From the model perspective, we've got these open models, and you need to have something with a permissive license. You need to be very careful here, because not every model will let you use the outputs to do something like that cycle I just described. You want end-to-end control, or maybe your organization, and you want to be able to customize things as required. You don't want to relinquish control to a third party. You want to make sure that you're getting this data, because again, it is your competitive edge. From a governance and security perspective, we need to make sure that everything is behind authentication, and access controls are key here, and auto-logging.

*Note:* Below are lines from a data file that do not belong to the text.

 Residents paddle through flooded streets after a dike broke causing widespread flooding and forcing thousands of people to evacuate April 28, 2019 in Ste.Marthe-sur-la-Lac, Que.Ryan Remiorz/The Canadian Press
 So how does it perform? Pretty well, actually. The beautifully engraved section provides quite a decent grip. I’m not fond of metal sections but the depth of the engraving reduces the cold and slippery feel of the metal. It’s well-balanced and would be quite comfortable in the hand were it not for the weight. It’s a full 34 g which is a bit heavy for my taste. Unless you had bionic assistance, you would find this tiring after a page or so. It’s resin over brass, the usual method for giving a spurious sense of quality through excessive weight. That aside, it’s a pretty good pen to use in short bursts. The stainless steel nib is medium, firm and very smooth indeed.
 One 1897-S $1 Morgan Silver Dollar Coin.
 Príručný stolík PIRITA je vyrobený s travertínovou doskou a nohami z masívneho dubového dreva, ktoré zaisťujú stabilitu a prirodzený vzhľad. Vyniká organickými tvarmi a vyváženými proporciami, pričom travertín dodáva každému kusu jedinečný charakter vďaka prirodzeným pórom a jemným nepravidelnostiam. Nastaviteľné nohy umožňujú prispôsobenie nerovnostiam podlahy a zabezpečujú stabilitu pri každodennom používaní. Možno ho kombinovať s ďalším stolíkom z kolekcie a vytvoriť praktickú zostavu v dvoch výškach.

That's it from my side. Thank you. There's a QR code for some of the slides, and you'll find code for doing this in Databricks, and some of the examples from the Posit Connect side at some of those links. If you have any questions, you can either email me at that address, or come and find me for a chat.

Q&A

Thank you, Zach. Do we have any questions coming from the crowd? Just give it a minute. I don't see anything right now, but I'll just give you all a minute just to ask anything.

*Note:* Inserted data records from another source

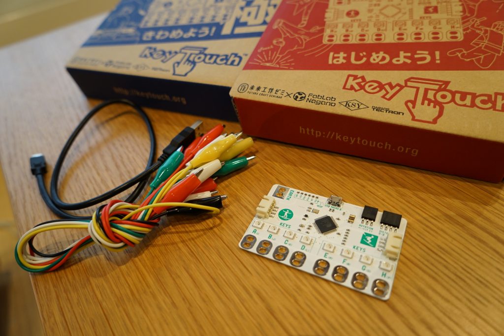 『KeyTouch(キータッチ)』は繋げたものを入力装置に変えてしまうクリエイティブ心をくすぐるような電子基板で、FabLab Nagano・株式会社KSY・未来工作ゼミ(アソビズムの共育事業プロジェクト)の産学協同で開発した、made in 長野の発明・プログラミング学習ツールです。
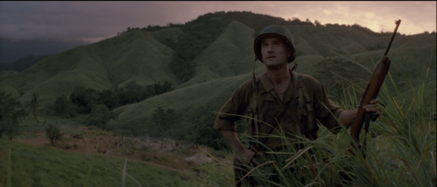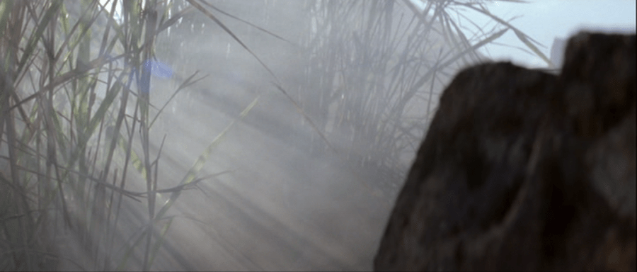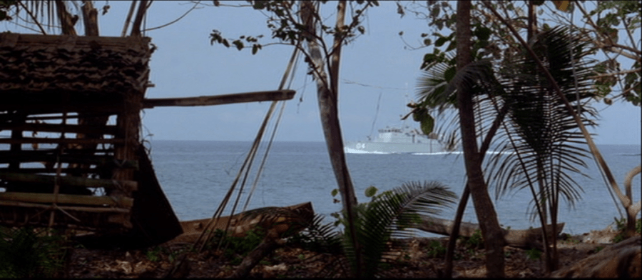 Flying foxes peer at a small group of GIs in the jungle. The mountains loom and blood runs into a small stream in the valley; presumably, the tides have run the blood of the amphibious invasion off into the open ocean, for the water on the beach is perfect aquamarine. The grass hides men climbing uphill but does not protect them from bullets or explosives. A small bird, bloodied and crippled, squeaks helplessly. This war takes place somewhere. Most war films try to give a sense of place; even a movie like Wonder Woman, which is no one’s first thought when you mention “war movie,” made a point of showing us a little village. The Thin Red Line is less concerned with people and individuals than most other movies, period, but it is intently focused on nature. In the Gettysburg Address, Abraham Lincoln makes a point of noting the ground itself, claiming that the men who fought and died there hallowed it. Malick does not try to give us the impression of hallowed ground – Witt makes a point that war does not “ennoble” men, that it rather “poisons the soul” – but he wants us to know that there is ground that existed far before the Japanese entrenched there, before the Japanese and Americans viewed each other as expansionist rivals in the Pacific, before Matthew Perry sailed into an insular nation to “open” it, before shogunates and samurais, before Lewis and Clark and Daniel Boone, before nations and flags and combat. The Thin Red Line has no setting, for setting implies that the place serves the story.
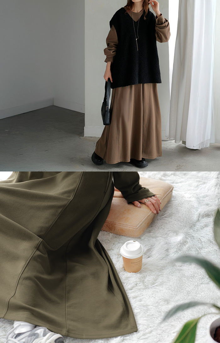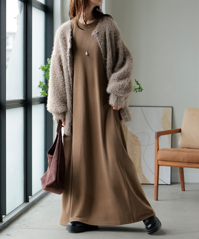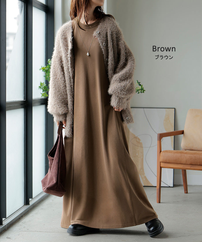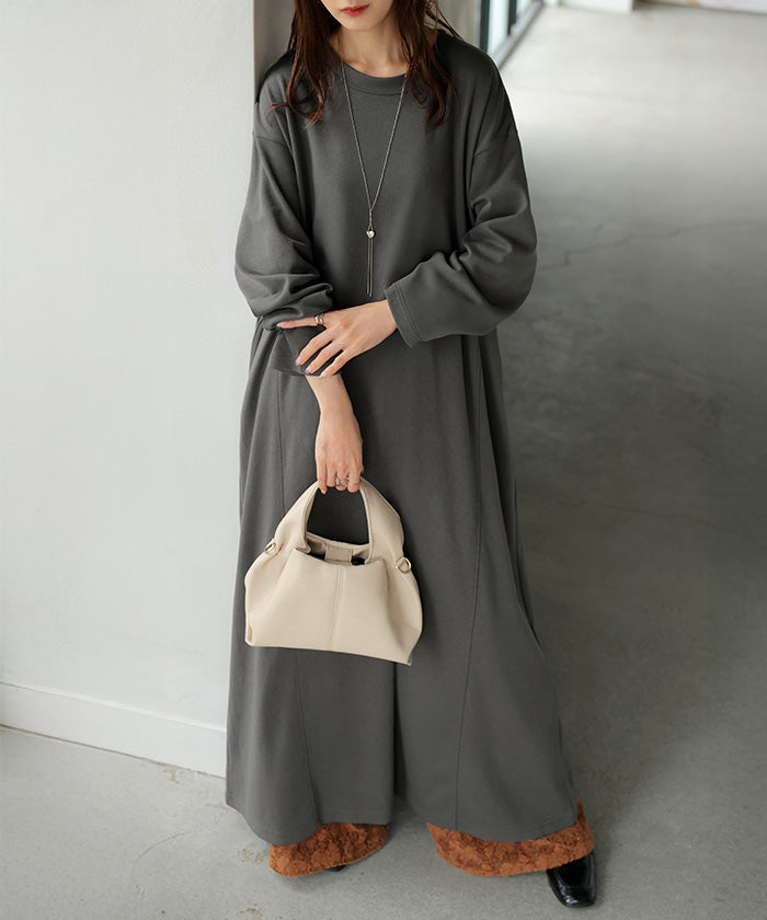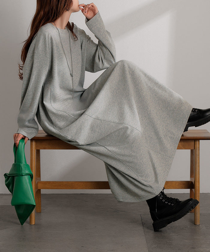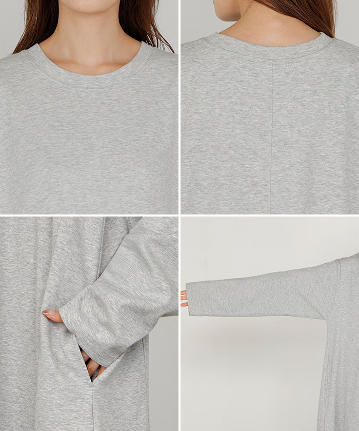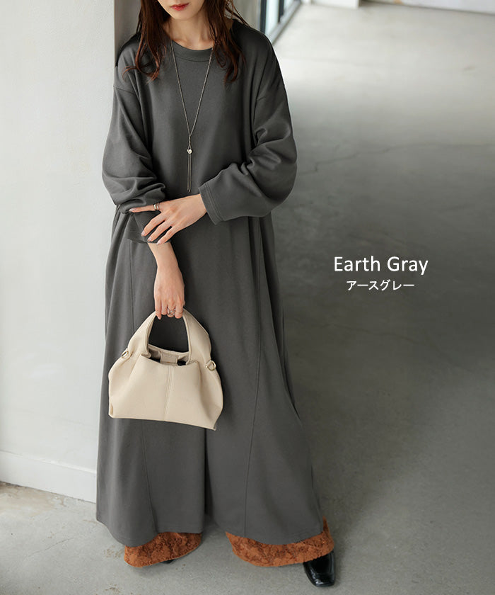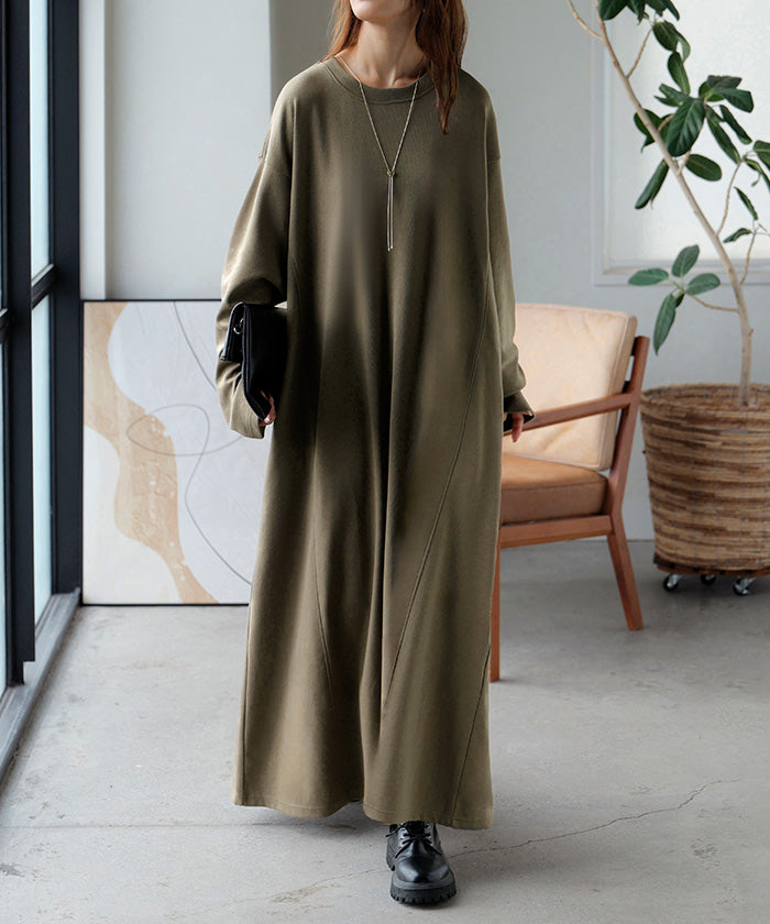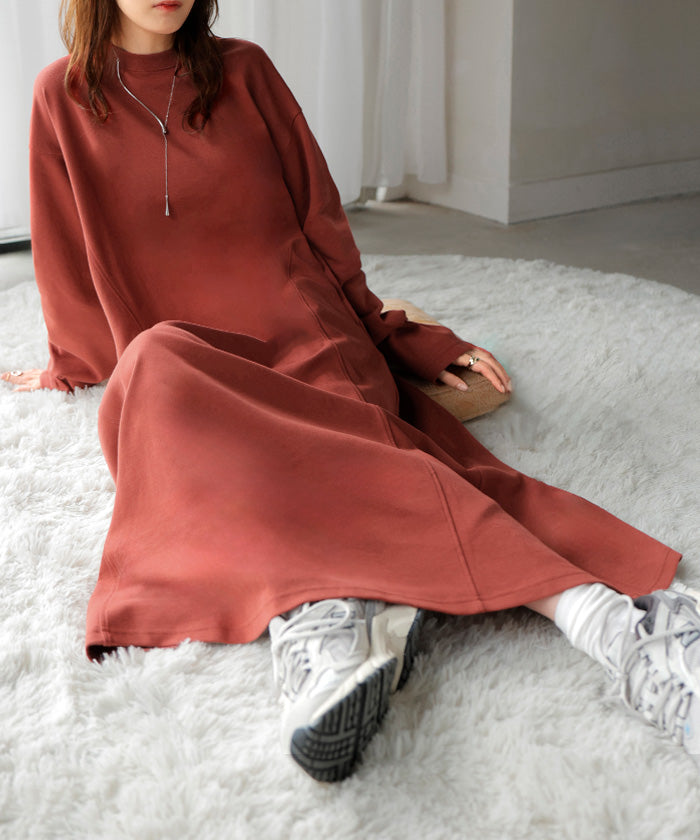 2025AW新作 ワンピ ロング ポンチ 防汚 " 選べる 2丈 " レディース ロンT ロングワンピース カットソー コットンポンチ Aライン マキシ マキシワンピース ロングワンピ クルーネック カラバリ ストレッチ カジュアル 高身長 長袖 大きいサイズ 無地 黒 白 秋 冬 HUG.U

I guess one thing while we wait, I showed you how to do it in Databricks. I talked about how to do it in Databricks, but it'll work with a lot of other tooling as well. I guess it's just mainly the thought process about how you go about it.

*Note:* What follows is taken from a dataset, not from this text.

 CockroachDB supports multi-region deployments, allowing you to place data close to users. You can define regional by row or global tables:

With this one-stop solution, how can the end user get insights on the specifications of the Databricks black box? Not sure what you mean by the black box, but maybe we can have a chat about it.

I can understand how connecting Databricks allow authentication and specific user access, but how can we get our organization on board with using an open source permissive model? What are some examples of these open source models? Yeah. So one of the best models that hits all the checkboxes in my mind at the moment would be obviously LLAMA 3.1 specifically. They changed the license slightly between 3 and 3.1. It's got kind of the most broad capabilities for you to do something with it as a model, but you can actually use the outputs to train something else yourself. Whereas if you're using like chat GPT and you will read the licensing, there's a gray area where it says like, hey, you can't use something that would compete with us, although you own the outputs and all these other various things. So you really will need to go and read the license. The good thing is, is with RAG, the model doesn't need to be the absolute best. Just needs to be pretty good. LLAMA 3.1 is pretty good.

Can the data set stay in the local file system or must it go to Databricks? You can use whatever you want. You can do this without Databricks entirely. So if you wanted to use your own vector search locally and you had something like InductDB as a vector extension, many other databases have it now. You can use that. There's no requirements for this to be in Databricks at all. It's more about, again, you can do RAG anywhere. You can do it locally. It's just the example I showed was specific to Databricks from an enterprise perspective.

I think we have time for one more question. What's your experience with setting sources with RAG? So you'll need to use a little bit of lang chain magic, I think, to make those come up. I didn't do it for my demo, but we have examples somewhere. So if you have a particular need for that, I can probably dig it up. Well, give it up to Zach, Zach at Databricks.